A still from Command & Conquer: Tiberian Sun’s cutscene. This one is encoded in 15-bit color at 640x400. We’ll use it as an example in this article. — A still from *Command & Conquer: Tiberian Sun*’s cutscene. This one is encoded in 15-bit color at 640x400. We’ll use it as an example in this article.

In this article I’ll use the VQA format as a vehicle to talk about more general data compression related concepts. I think VQA is an interesting example since it is optimized for a fast decoding on 90’s CPUs, slow CD-ROM drives and cheap graphics chips. It has shipped in games played by millions of people but is simple by necessity.

A high-level overview

There isn’t anything really difficult here.

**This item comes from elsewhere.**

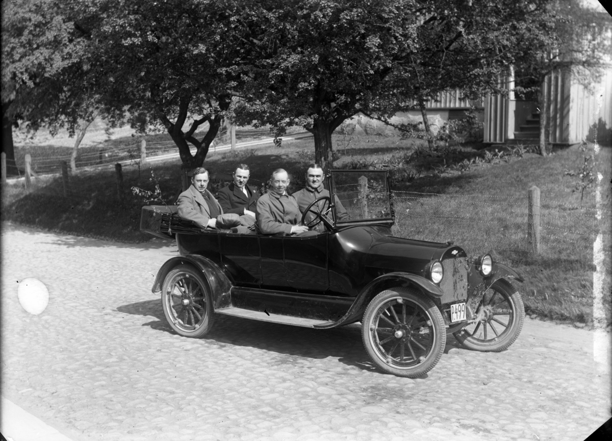 Tandläkare Krebs från Kinna med tre okända herrar i bil. Parkerade på Brahegatan utanför kv Hjorten 9 i Gränna.

Every frame gets split into blocks of 4x2 or 4x4 pixels in size, depending on the game. Common blocks are shared by nearby frames and are collected to a small set known as the codebook. Each frame can then be represented using those common blocks instead of the original pixels. Occasionally the codebook blocks get a refresh, for example when a scene cut happens.

The image can been seen to consist of 4x4 pixel blocks.

VQA videos use both lossy and lossless compression. The lossy techniques are

vector quantization,
color palettes, and
delta encoding also known as “conditional replenishment”.

The lossless ones compress the already smaller lossy stream further. They are

sliding-window compression,
data reordering, and
run-length encoding.

Compressors often squeeze the final bitstream even further with an “entropy coding” step such as Huffman coding. The coding uses fewer bits to represent commonly occurring sequences. However, in VQA there’s no entropy coding at all. I suppose it keeps the decoder simple.

OK let’s talk about the details now. We’ll begin with the most important concept.

The “VQ” in the name

At its core VQA is a vector quantization codec. Vector quantization is a technical term for a compression scheme where you replace many similar parts with a single representative. It’s the block reuse scheme I just described in the high-level overview section earlier. In compression jargon the blocks are called vectors and the indices that refer to codebook blocks are called codes.

The codebooks can look something like below:

The roughly 3000 codebook blocks used in our example frame. They seem to be ordered by contrast but I don’t know why. Magnified by 3x to make the 4x4 pixel blocks easier to see.

So why call blocks “vectors?” Let’s say we have 4x4 pixel RGB blocks. They consist of 4*4*3 = 48 values each. We can consider the blocks as 48-dimensional vectors if we put all the RGB values of every pixel one after another. Now it’s possible to apply vector operations to the blocks!

So for example the block on the left would become this vector (the exact order of doesn’t matter as long as its consistent):

[140 140 140 173 173 156 206 206 173 214 214 181 140 140 140 173 173 156
 214 206 181 222 222 181 140 140 140 173 173 156 214 214 181 231 231 189
 140 140 140 173 173 156 214 214 181 231 222 189]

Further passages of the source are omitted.